Single-marker association results for 17 representative SNPs that span the IL23R gene region and that were significantly associated in the QFP or replication samples. Each column corresponds to data for 1 of 17 SNPs. Color scale indicates nominal P value for single marker association. More detailed information for each SNP can be found in SI Table 11A.

Extended haplotypes spanning IL23R for all 17 SNPs in Table 3 were constructed (SI Table 11 A and B and Table 4). Two risk and two protective haplotypes were significantly associated with CD in all population samples. These four haplotypes have a combined frequency of ≈45%. ORs for the significant risk and protective haplotypes were similar for the QFP and German samples.
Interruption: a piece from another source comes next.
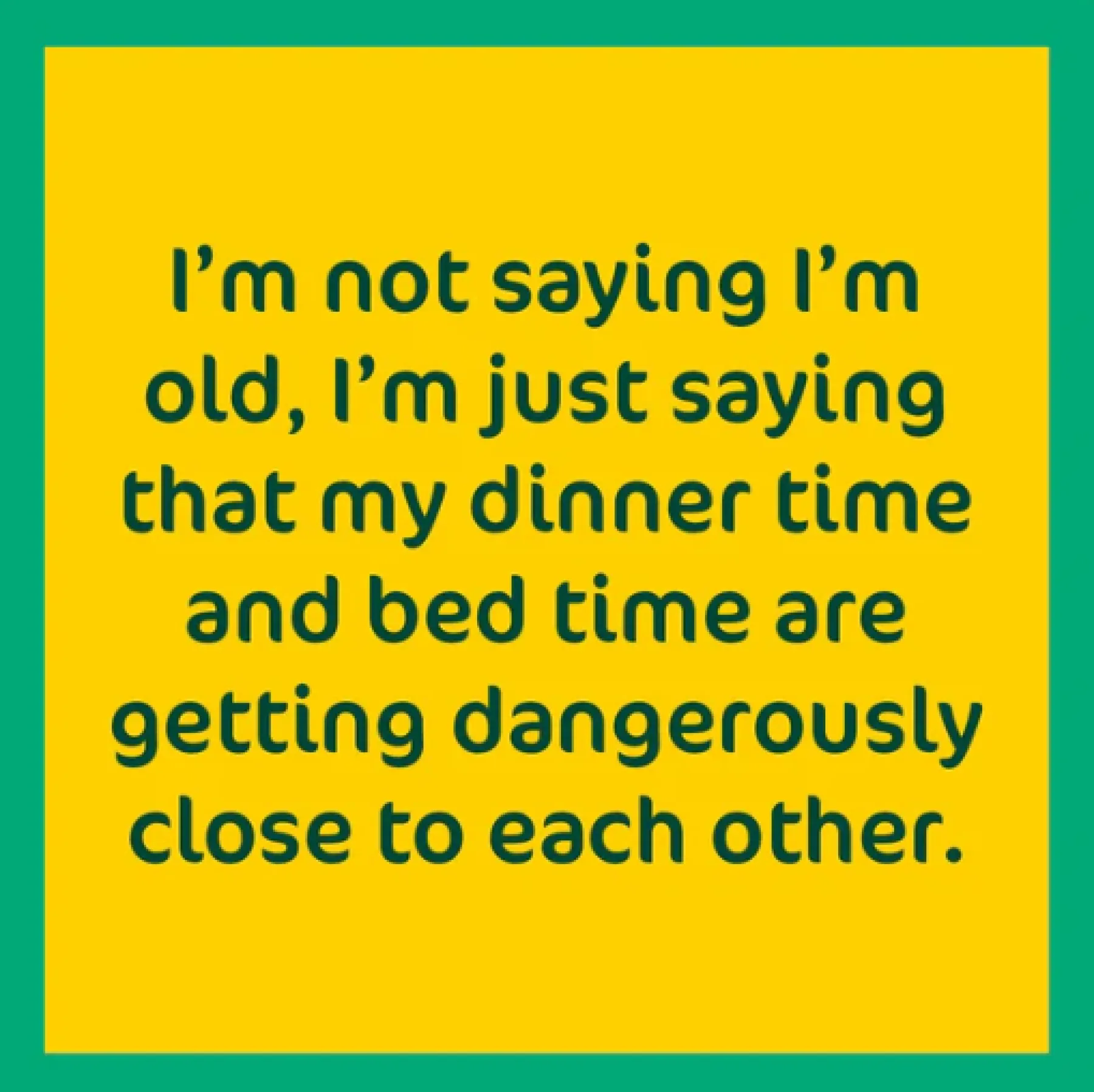 “I’m not saying I’m old, I’m just saying that my dinner time and bed time are getting dangerously close to each other.”

ORs for the most frequent risk haplotype ranged from 1.33 [confidence interval (C.I.) 1.07–1.66] in the German trios to 1.69 (C.I. 1.36–2.05) in the QFP sample. Risk haplotype 1 was significantly associated in all data sets, as was protective haplotype 2, which contains the opposite allele from risk haplotype 1 at each SNP position. Markers 1 and 3 (which are in high LD, r2 = 0.84) and Marker 6 (which is in moderate LD with Markers 1 and 3, r2 = 0.30–0.31) show consistent alternate alleles on both risk and both protective haplotypes, suggesting they are tagging disease mutations. Other SNPs, including the previously reported Marker 10 (R381Q) (15), may play functional roles in the disease, but their effect depends upon other alleles in the haplotype upon which they reside.

Table 4.

Association of haplotypes formed by the 17 markers in IL23R

Population Statistic Risk Protective Risk Protective
1 2 3 4
Qfp trios P 1.86e-06 2.57e-03 0.04 0.05
F 29.39 | 19.80 1.63 | 3.94 3.69 | 2.08 10.20 | 13.13
OR 1.69 (1.36–2.09) 0.40 (0.22–0.74) 1.80 (1.02–3.19) NS
German trios P 0.01 1.15e-03 0.60 0.13
F 26.48 | 21.28 0.91 | 3.09 3.65 | 3.20 9.13 | 11.33
OR 1.33 (1.07–1.66) 0.29 (0.13–0.64) NS NS
Combined trios P 1.95e-07 1.12e-05 0.07 0.01
F 27.98 | 20.93 1.28 | 3.52 3.67 | 2.63 9.68 | 12.25
OR 1.50T(1.29–1.75) 0.35 (0.22–0.57) NS 0.77 (0.62–0.95)
German case controls P 2.05e-03 6.31e-03 0.62 3.98e-03
F 30.40 | 25.43 1.21 | 2.55 3.76 | 3.42 10.20 | 13.56
OR 1.28 (1.09–1.50) 0.47 (0.27–0.82) NS 0.72 (0.58–0.90)
All combined P 1.00e-08 2.04e-07 0.05 5.75e-04
F 29.53 | 23.34 1.25 | 3.11 4.17 | 3.26 10.40 | 13.12
OR 1.38 (1.23–1.53) 0.39 (0.27–0.57) NS 0.77 (0.66–0.89)

The four risk and protective haplotypes described in SI Table 11B are shown at the top. P values (P, significance of association of each haplotype tested against all other haplotypes in a 2 × 2 case control table using Pearson's χ2), allele frequences (F; cases/controls), and OR (95% C.I.) are shown for each of the analyses. NS, haplotype not significantly associated (C.I. for OR includes 1.0).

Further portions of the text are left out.